Comment by dataflowmapper
Comment by dataflowmapper 4 days ago
Thanks for sharing that workflow, for more straight forward flows, that sounds like a decent approach. My main thoughts on where it could be improved, or where I see potential struggles, are when:
- People aren't comfortable or familiar with coding/Python.
- You get into more complex imports like historical data, transactional data, etc. There you might have like 15 transaction types that have to be mapped, all with different fields, math, and conditional logic where the requirements become too much for just prompting ChatGPT effectively, and iterating on the Python can get pretty involved.

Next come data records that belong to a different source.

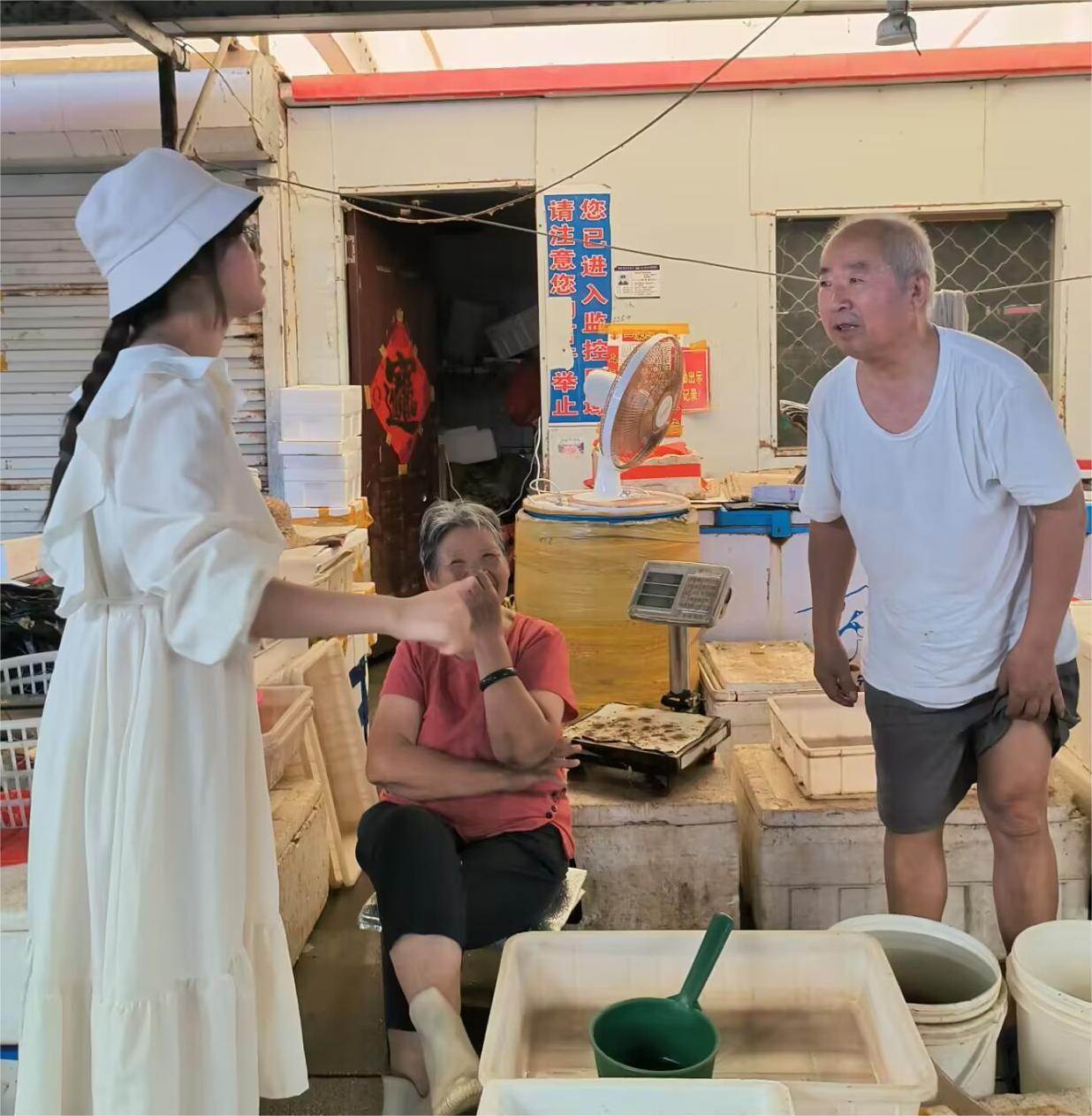 7月8日,調研團隊興致勃勃地前往當地有名的朱蓬口海鮮批發市場,對擺攤的商販進行了采訪。通過交流,調研團隊初步了解到擺攤和電商銷售在市場中的不同占比。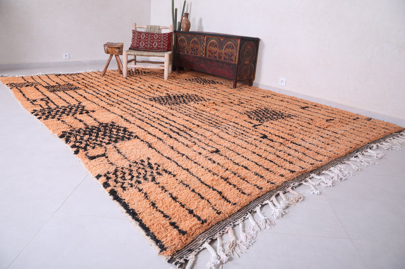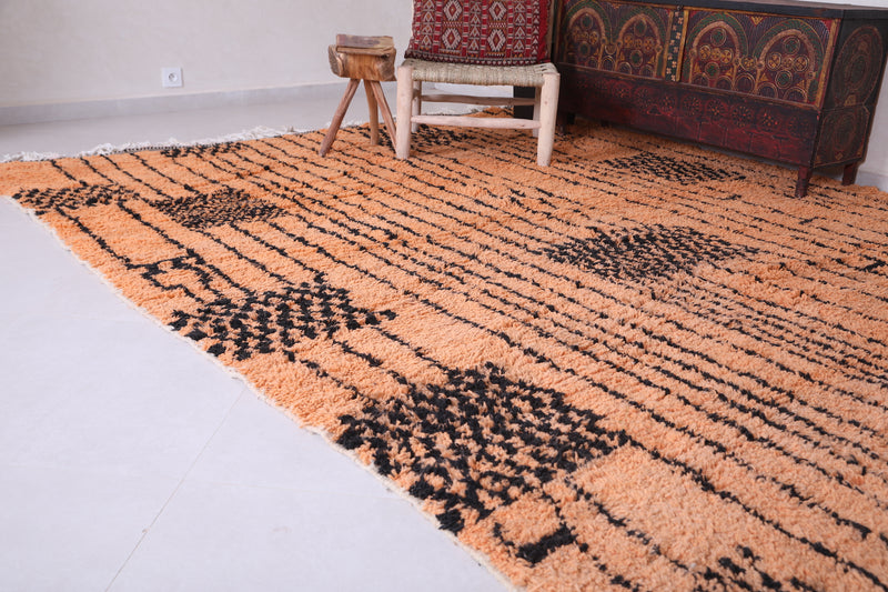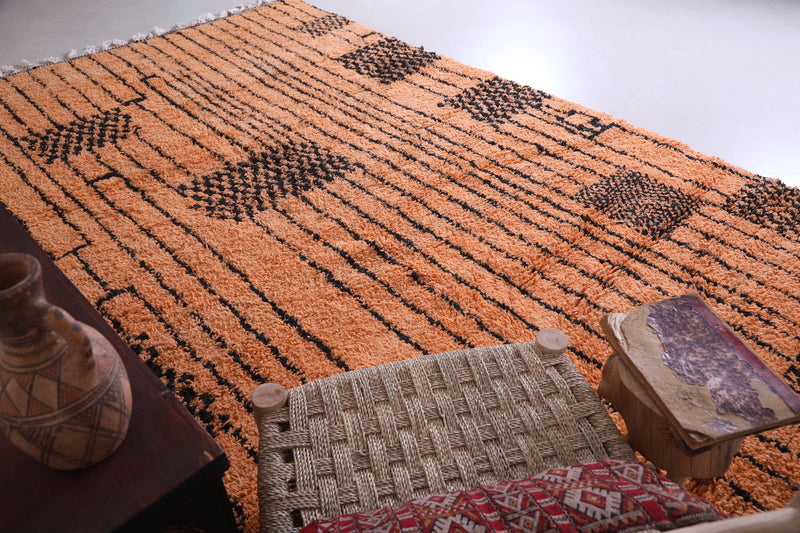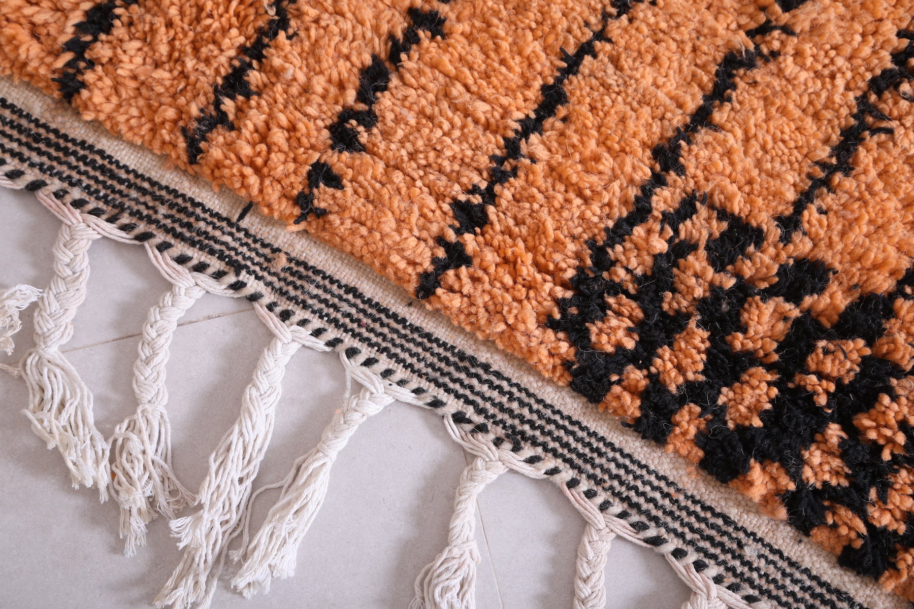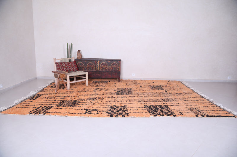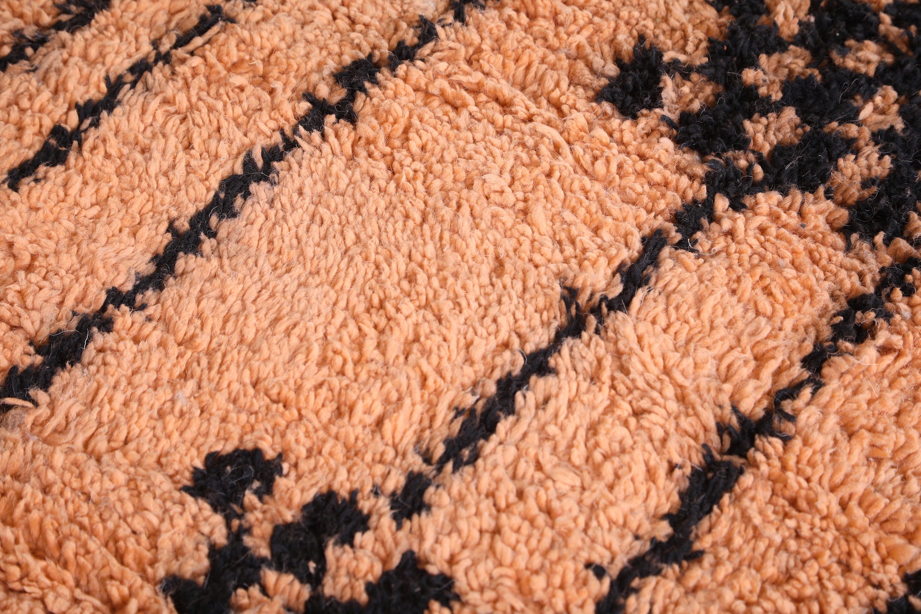 Add timeless Moroccan artistry to your home with this hand-knotted Berber rug, crafted entirely from natural wool. Its bold geometric motifs over a warm burnt orange base create a dynamic focal point perfect for boho, eclectic, or earthy modern interiors.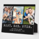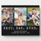 Modern BEST DAD EVER 3 Photos Personalised Easel-Back Plaque. Create a personalised, custom photo collage photo display on this easel-back plaque for a father featuring 3 pictures, your custom title and/or message in your choice of font styles and colours and background colour (shown in white on black). The sample is shown with the title BEST. DAD. EVER. Makes a memorable keepsake gift for Dad for his birthday, Father's Day or a holiday. OPTIONS: The sample is shown on the 8x10 size; other sizes are available on the ordering. ASSISTANCE: For help with design modification or personalisation, colour change, resizing or transferring the design to another product, contact the designer BEFORE ORDERING via Zazzle Chat or makeitaboutyoustore@gmail.com.

- The source data structure and transformation needs aren't consistently the same, leading to a lot of 'throwaway' or heavily modified scripts for each unique case.
- Tasks like VLOOKUPs or enriching data come into play, which might add manual coding or complexity beyond a simple 1-to-1 source-to-destination script.
These are the areas where I'm exploring if a more structured way could offer benefits in terms of repeatability and accessibility for a wider range of users or complex scenarios. Appreciate the insight into your process and your thoughts on this.
From doing historical data restorations (pre-json), using documented industry/standard structures & protocols, normalized data formats/layouts helps out quite a bit.
Note: awk/shell scripts, ~80's because relatively portable across platforms (mac,pc,dec,ibm (ignoring ebcdic), etc.)